== Records ==
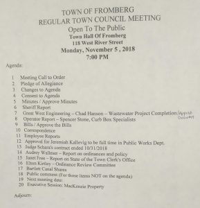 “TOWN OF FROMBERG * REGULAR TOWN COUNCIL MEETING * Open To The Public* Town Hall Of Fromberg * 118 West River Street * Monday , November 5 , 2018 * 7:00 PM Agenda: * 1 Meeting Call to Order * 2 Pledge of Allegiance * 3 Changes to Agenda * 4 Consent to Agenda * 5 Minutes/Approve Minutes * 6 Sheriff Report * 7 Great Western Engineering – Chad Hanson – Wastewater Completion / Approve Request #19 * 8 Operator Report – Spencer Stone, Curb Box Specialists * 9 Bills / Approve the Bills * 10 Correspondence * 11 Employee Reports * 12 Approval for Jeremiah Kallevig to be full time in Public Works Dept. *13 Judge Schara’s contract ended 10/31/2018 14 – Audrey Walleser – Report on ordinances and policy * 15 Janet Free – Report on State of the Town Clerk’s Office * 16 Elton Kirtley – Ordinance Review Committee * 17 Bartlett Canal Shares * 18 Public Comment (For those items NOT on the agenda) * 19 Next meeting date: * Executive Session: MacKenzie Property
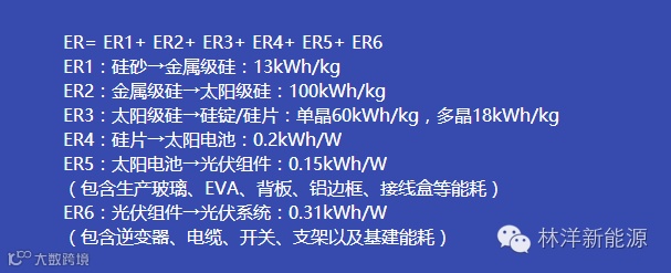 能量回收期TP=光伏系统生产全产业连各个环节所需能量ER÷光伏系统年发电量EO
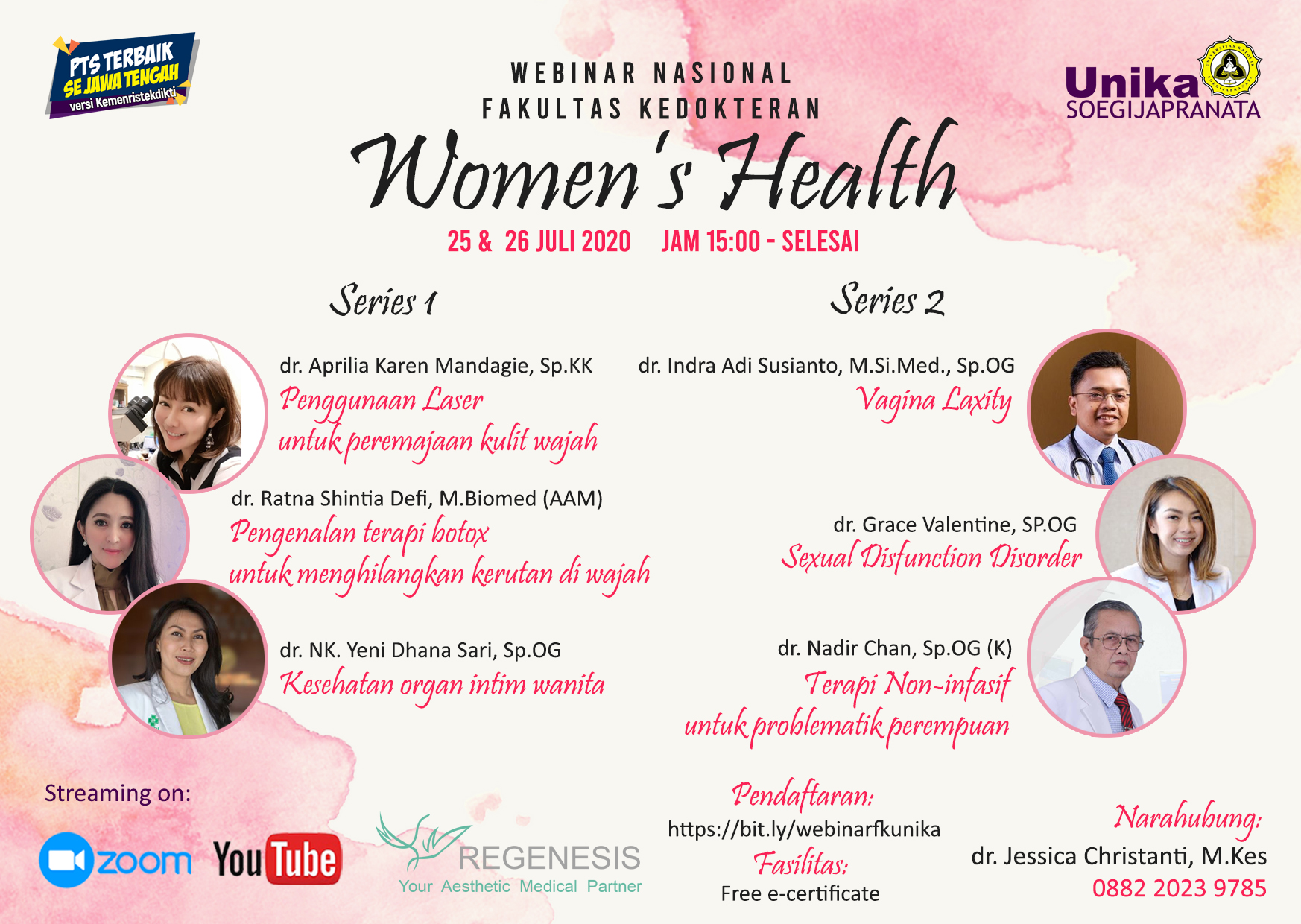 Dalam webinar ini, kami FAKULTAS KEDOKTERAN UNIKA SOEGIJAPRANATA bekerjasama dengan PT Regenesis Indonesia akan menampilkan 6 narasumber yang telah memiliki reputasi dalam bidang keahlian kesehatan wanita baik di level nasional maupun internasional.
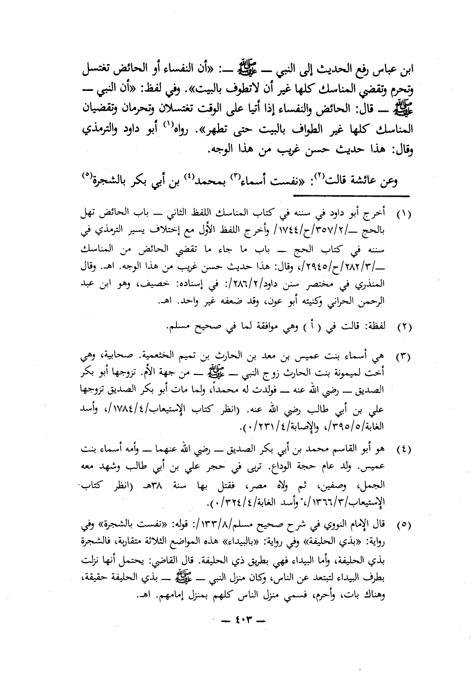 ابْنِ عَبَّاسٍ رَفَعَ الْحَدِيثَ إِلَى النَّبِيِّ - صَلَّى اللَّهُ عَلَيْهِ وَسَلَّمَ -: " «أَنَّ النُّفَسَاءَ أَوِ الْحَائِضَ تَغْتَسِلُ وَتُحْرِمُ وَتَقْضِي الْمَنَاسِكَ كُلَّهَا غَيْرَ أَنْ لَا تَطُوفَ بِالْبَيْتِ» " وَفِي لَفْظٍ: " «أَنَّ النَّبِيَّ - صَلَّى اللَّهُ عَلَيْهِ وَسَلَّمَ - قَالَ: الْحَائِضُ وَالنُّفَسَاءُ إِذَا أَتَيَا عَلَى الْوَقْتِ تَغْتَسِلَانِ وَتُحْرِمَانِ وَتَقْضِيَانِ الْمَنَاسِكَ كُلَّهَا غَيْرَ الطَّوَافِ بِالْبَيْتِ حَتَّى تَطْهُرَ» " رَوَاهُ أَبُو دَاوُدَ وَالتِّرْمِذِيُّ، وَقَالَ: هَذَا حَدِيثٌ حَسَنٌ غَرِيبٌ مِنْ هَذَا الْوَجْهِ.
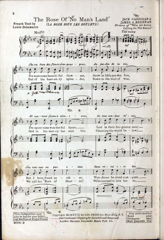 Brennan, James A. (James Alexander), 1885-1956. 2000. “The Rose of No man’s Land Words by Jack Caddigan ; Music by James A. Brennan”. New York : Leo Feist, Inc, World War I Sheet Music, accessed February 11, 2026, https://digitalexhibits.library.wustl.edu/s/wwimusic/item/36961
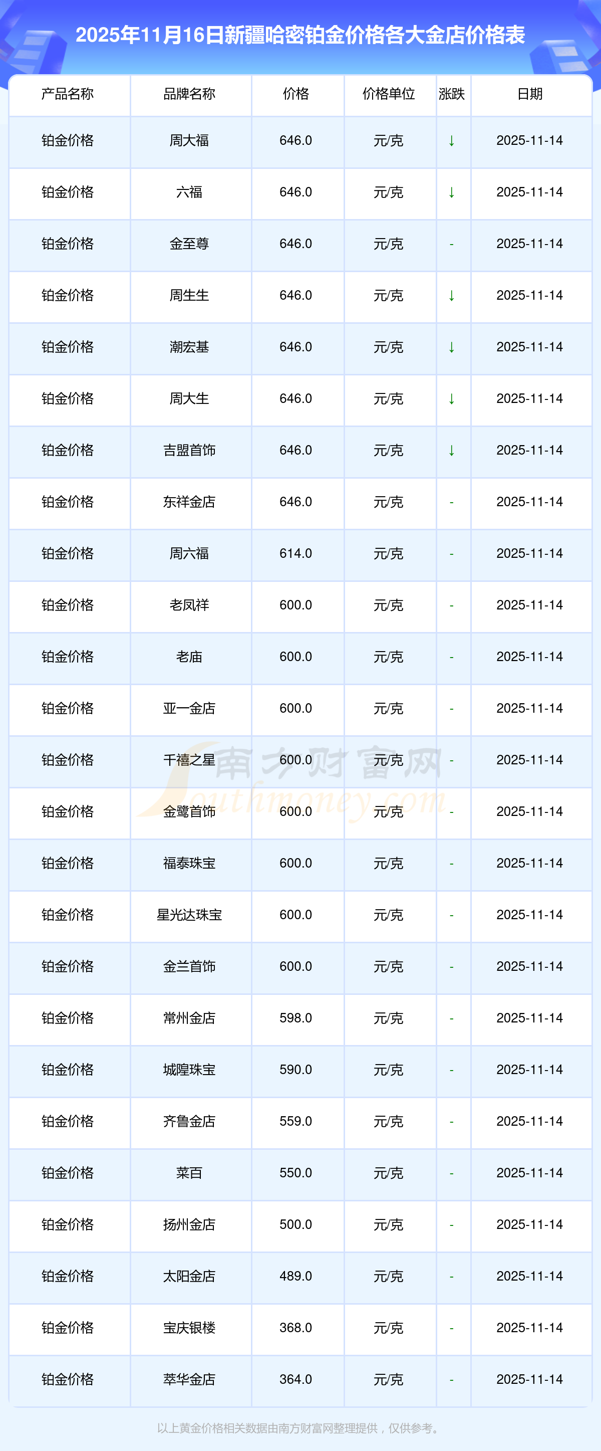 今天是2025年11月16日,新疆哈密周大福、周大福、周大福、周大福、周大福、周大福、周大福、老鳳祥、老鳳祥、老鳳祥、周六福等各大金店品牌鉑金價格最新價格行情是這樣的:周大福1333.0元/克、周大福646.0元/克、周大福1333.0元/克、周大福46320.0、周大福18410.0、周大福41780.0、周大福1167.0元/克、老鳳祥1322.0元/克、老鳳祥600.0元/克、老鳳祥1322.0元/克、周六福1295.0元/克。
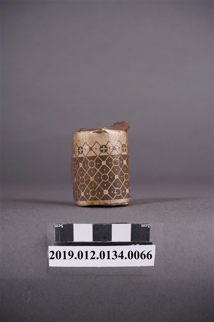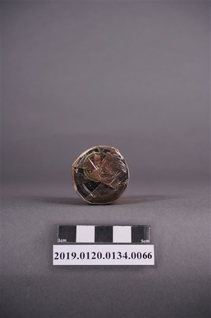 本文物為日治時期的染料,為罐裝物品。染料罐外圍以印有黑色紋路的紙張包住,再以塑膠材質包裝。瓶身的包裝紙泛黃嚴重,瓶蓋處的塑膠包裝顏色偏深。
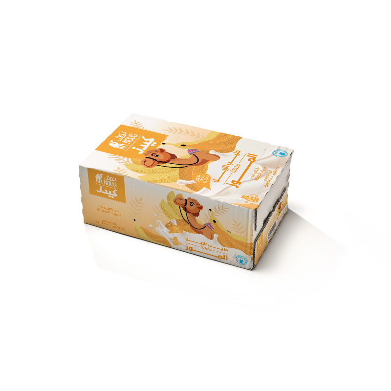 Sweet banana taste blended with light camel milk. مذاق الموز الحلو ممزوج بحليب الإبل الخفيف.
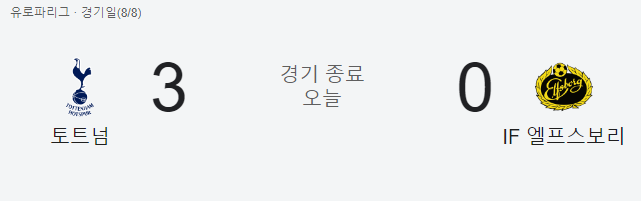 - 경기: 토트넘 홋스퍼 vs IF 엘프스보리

== What to produce ==
Take the listing above and restate it word for word, without its pictures.

== Task solution ==
 “TOWN OF FROMBERG * REGULAR TOWN COUNCIL MEETING * Open To The Public* Town Hall Of Fromberg * 118 West River Street * Monday , November 5 , 2018 * 7:00 PM Agenda: * 1 Meeting Call to Order * 2 Pledge of Allegiance * 3 Changes to Agenda * 4 Consent to Agenda * 5 Minutes/Approve Minutes * 6 Sheriff Report * 7 Great Western Engineering – Chad Hanson – Wastewater Completion / Approve Request #19 * 8 Operator Report – Spencer Stone, Curb Box Specialists * 9 Bills / Approve the Bills * 10 Correspondence * 11 Employee Reports * 12 Approval for Jeremiah Kallevig to be full time in Public Works Dept. *13 Judge Schara’s contract ended 10/31/2018 14 – Audrey Walleser – Report on ordinances and policy * 15 Janet Free – Report on State of the Town Clerk’s Office * 16 Elton Kirtley – Ordinance Review Committee * 17 Bartlett Canal Shares * 18 Public Comment (For those items NOT on the agenda) * 19 Next meeting date: * Executive Session: MacKenzie Property
 能量回收期TP=光伏系统生产全产业连各个环节所需能量ER÷光伏系统年发电量EO
 Dalam webinar ini, kami FAKULTAS KEDOKTERAN UNIKA SOEGIJAPRANATA bekerjasama dengan PT Regenesis Indonesia akan menampilkan 6 narasumber yang telah memiliki reputasi dalam bidang keahlian kesehatan wanita baik di level nasional maupun internasional.
 ابْنِ عَبَّاسٍ رَفَعَ الْحَدِيثَ إِلَى النَّبِيِّ - صَلَّى اللَّهُ عَلَيْهِ وَسَلَّمَ -: " «أَنَّ النُّفَسَاءَ أَوِ الْحَائِضَ تَغْتَسِلُ وَتُحْرِمُ وَتَقْضِي الْمَنَاسِكَ كُلَّهَا غَيْرَ أَنْ لَا تَطُوفَ بِالْبَيْتِ» " وَفِي لَفْظٍ: " «أَنَّ النَّبِيَّ - صَلَّى اللَّهُ عَلَيْهِ وَسَلَّمَ - قَالَ: الْحَائِضُ وَالنُّفَسَاءُ إِذَا أَتَيَا عَلَى الْوَقْتِ تَغْتَسِلَانِ وَتُحْرِمَانِ وَتَقْضِيَانِ الْمَنَاسِكَ كُلَّهَا غَيْرَ الطَّوَافِ بِالْبَيْتِ حَتَّى تَطْهُرَ» " رَوَاهُ أَبُو دَاوُدَ وَالتِّرْمِذِيُّ، وَقَالَ: هَذَا حَدِيثٌ حَسَنٌ غَرِيبٌ مِنْ هَذَا الْوَجْهِ.
 Brennan, James A. (James Alexander), 1885-1956. 2000. “The Rose of No man’s Land Words by Jack Caddigan ; Music by James A. Brennan”. New York : Leo Feist, Inc, World War I Sheet Music, accessed February 11, 2026, https://digitalexhibits.library.wustl.edu/s/wwimusic/item/36961
 今天是2025年11月16日,新疆哈密周大福、周大福、周大福、周大福、周大福、周大福、周大福、老鳳祥、老鳳祥、老鳳祥、周六福等各大金店品牌鉑金價格最新價格行情是這樣的:周大福1333.0元/克、周大福646.0元/克、周大福1333.0元/克、周大福46320.0、周大福18410.0、周大福41780.0、周大福1167.0元/克、老鳳祥1322.0元/克、老鳳祥600.0元/克、老鳳祥1322.0元/克、周六福1295.0元/克。
 本文物為日治時期的染料,為罐裝物品。染料罐外圍以印有黑色紋路的紙張包住,再以塑膠材質包裝。瓶身的包裝紙泛黃嚴重,瓶蓋處的塑膠包裝顏色偏深。
 Sweet banana taste blended with light camel milk. مذاق الموز الحلو ممزوج بحليب الإبل الخفيف.
 - 경기: 토트넘 홋스퍼 vs IF 엘프스보리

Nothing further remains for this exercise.